Regarding the clutch, I'll give you the simplified version of a long chore.. LOL... Drop the gearbox from the apron and slide it from the leadscrew, drop it upside down in a bowl or bucket to drain the oil. On the back is a cover (open top) with 3 fasteners, pull that. You'll need to hold the clutch with channellocks or pliers, and remove the handwheel nut and then the washer and then the handwheel. The coned clutch can then come out and it has a washer that has 2 other holes that fit over pins on the coned clutch, The short version is go to Sears Hardware or equivalent, and find 2 springs (stiff compression) that slide over those pins. I had to cut the springs height down so that the washer can barely set on the pins and stay in alignment, then slide the clutch in and install the handwheel. That knob has to have enough freeplay so that it can freewheel until you spin the handwheel tighter and the pins engage. And when you loosen the knob, the springs push the pins out to disengage..

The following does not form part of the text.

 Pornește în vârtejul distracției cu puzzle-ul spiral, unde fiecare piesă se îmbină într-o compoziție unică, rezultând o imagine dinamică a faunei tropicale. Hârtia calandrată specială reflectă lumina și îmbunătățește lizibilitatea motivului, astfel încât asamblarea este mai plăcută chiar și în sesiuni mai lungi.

I ended up with the gearbox turned so that the clutch was pushed up vertically to keep the washer on the pins. Once you set the handwheel, then reinstall the toothed washer and locknut. "Stake" the locknut to the threads to keep that adjustment. 

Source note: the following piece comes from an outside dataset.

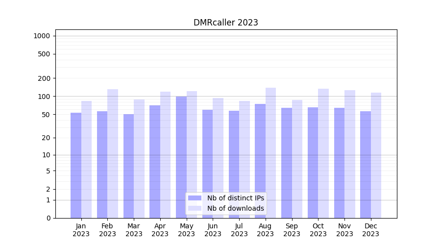 Number of downloads for software package DMRcaller, year by year, from 2025 back to 2014 (years with no downloads are omitted):

I paid .83 cents for each spring. If you can't find'em, let me know and I can get more and mail'em to you. Can I ask you to measure the drive pulleys? the motor drive pulley and the driven o.d.'s.. and motor H.P.?? TIA!


----------



## 34_40 (Nov 18, 2013)

Dualquad,  since I'm making requests..  , the gear on the bottom of your thread dial.. can I request that you count the teeth on that gear?  There's one on the big auction site now and it has 31 teeth, It looks like the one from a 100 series.  If the gear matches up maybe I can bid on it.  TIA!

Lastly, do you run a dual quad?  I've got a 34 ford street rod,  347 with a Shelby Rambox dual quad setup..:thumbsup:


----------



## dualquad (Nov 18, 2013)

34_40 said:


> Dualquad,  since I'm making requests..  , the gear on the bottom of your thread dial.. can I request that you count the teeth on that gear?  There's one on the big auction site now and it has 31 teeth, It looks like the one from a 100 series.  If the gear matches up maybe I can bid on it.  TIA!
> 
> Lastly, do you run a dual quad?  I've got a 34 ford street rod,  347 with a Shelby Rambox dual quad setup..:thumbsup:



Thanks for all the info an the clutch repair!

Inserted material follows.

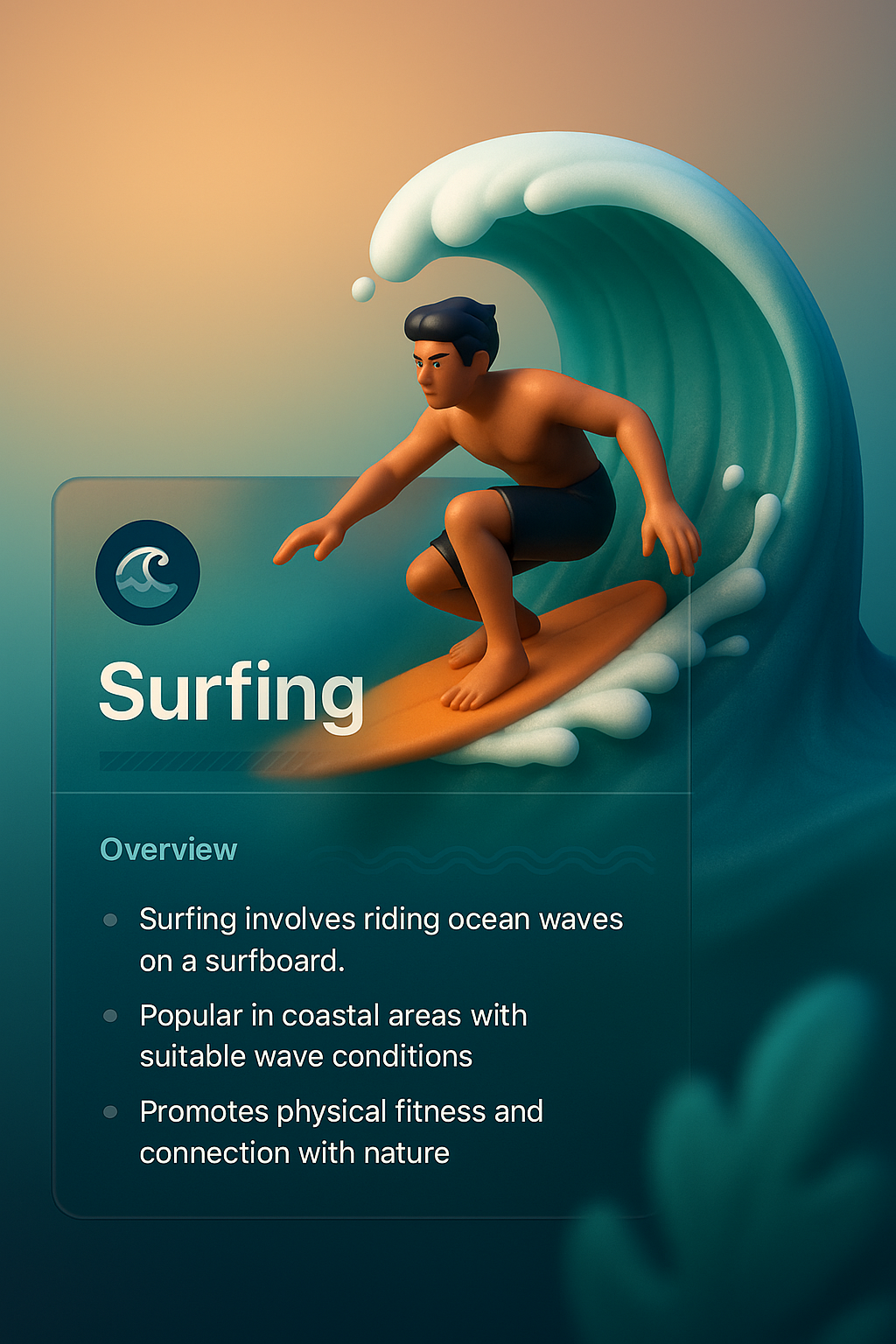 A vibrant 3D illustration of a surfer riding a wave, accompanied by an informative overlay detailing surfing. The design features a gradient background and a transparent panel for text.

My threading dial has 32 teeth. My drive pulleys are 2 1/2" on the motor and 8 1/4" for the counter shaft

I have a '68 Mustang with a 302 and dual quads


----------



## 34_40 (Nov 19, 2013)

dualquad said:


> My threading dial has 32 teeth. My drive pulleys are 2 1/2" on the motor and 8 1/4" for the counter shaft
> I have a '68 Mustang with a 302 and dual quads



Thank You! I checked 2 manuals and the reference numbers are the same, so I think the thread dials are the same from the 4800 and the 100. 

It seems I need to replace the top pulley, mine is to small.. hew:


----------